My thoughts exactly!!!!

The guy didn't shoot one target for crying out loud!! I don't understand how they could justify keeping his money. I am sure the club will not last if they treat people like this.....


----------



## dw'struth (Mar 14, 2008)

loomis77 said:


> Personally, I would not of asked for my money back. I would of just considered it a donation to the club. But I guess thats just my easy goin' Aussie nature.


Australia also has one of the best, if not the best, economies in the world right now. The fact is that the guy dind't owe them for anything. Not saying that you are wrong, but I wouldn't expect everyone to just write it off...


----------



## field14 (May 21, 2002)

Not exactly the wisest decision made by that club! Bad enough to not refund the money, but if they were laughing at the fella in addition to this, then that is even more inexcusable. Sounds as if they lost one holy heck of a lot more money than simply that $10 refund.

field14 (Tom D.)


----------



## Lowlevlflyer (Aug 2, 2011)

He'd definitely have gotten his money back if it had been at our club... plus there'd have been no telling how many guys scrambling trying to either get his rig fixed, or find him one to shoot!


----------



## varmintvaporize (Feb 9, 2010)

Ashland Bowman can kiss my butt!!!!! What a shame it WAS, I repeat WAS a nice place to shoot. 

I personally know the man this happened to. He is the type of guy that if a club needed money for something, he would drop $100 and not worry about it.


----------



## mikecs4life (Sep 13, 2009)

Awful. He should have been refunded.


----------



## Ultra Limited (May 11, 2006)

field14 said:


> Not exactly the wisest decision made by that club! Bad enough to not refund the money, but if they were laughing at the fella in addition to this, then that is even more inexcusable.
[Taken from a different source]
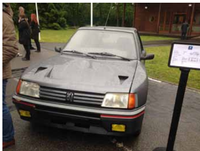
Les 2 véhicules CAAPY mis à la disposition du CERAM pour l'événement

Sounds as if they lost one holy heck of a lot more money than simply that $10 refund.
> 
> field14 (Tom D.)



Ditto.


----------



## BenjaminT (Apr 1, 2009)

Refund was definitly required there...


----------



## IndianaBrian (Mar 20, 2009)

A refund was definatly in order. It will cost them in the long run.....so stupid move.


----------



## Robert43 (Aug 2, 2004)

Very poor on the club


----------



## K-DOGG (Jul 10, 2003)

Im only going to reply to this one time. I asked for the guys name in another post to offer him to shoot for free at our next shoot. And again.No one was laughing at him when he came back in to ask for his money back.In hind sight,i should have given his money back? But cant understand why it taken him so long to come back in to ask for his money back? The shoot was almost over? I would have taken the bow back in and showed someone the bow and explained what had happened right away. And I did tell the gentleman that i was sorry about his bow,again NO one was laughing!!! We try to make everyone happy,but in some cases its not possible.So send me his name and he will shoot for free at our next shoot,really this is all i can do after the fact. Our club is over 50 years old,and this is the first time anyone has asked for there money back.


----------



## hoyt669 (Apr 3, 2011)

All the clubs in Southern Indiana would have refunded it


----------



## Leon Garfield (Feb 2, 2008)

What has happened to common sense in this country???? Why would anyone in there right mind even dispute the issue over a few dollars even if your friend had shot a few targets. This is once again just so disgusting of an issue to see happening and even worse in our community. Tell your friend to check them off the list for places to return. I hope he got his bow fixed a cracked limb really stinks. And for Ashland bowman you flat out discuss me.


----------



## ohiobullseye (Feb 6, 2011)

I wonder if when you paid to shoot a big event like the IBO Triple Crown or an ASA sponsered event if they would have refunded his money? I do know that it dosen't compare apples to appples cause of the cost to pay and that the a local shoot is more of a fun/practice shoot rather than a big compitition. I do bring 2 bows to an IBO event but I do not always on a local 3d course. Now on my own two cents, I think the club should of just given his $10 back or a rain check and avoided all of this stuff over $10.


----------



## BowMadinTN (Jan 2, 2010)

Saw k-dogg's reply and if that is the case it looks like a big misunderstanding. If he's just telling his side and it happened as the OP said then bash 'em and bash 'em good brother on every blog you can find! There is no room in our sport for folks like that! I wasn't there so i don't know.


----------



## deerhunter7273 (Mar 22, 2010)

please close thread


----------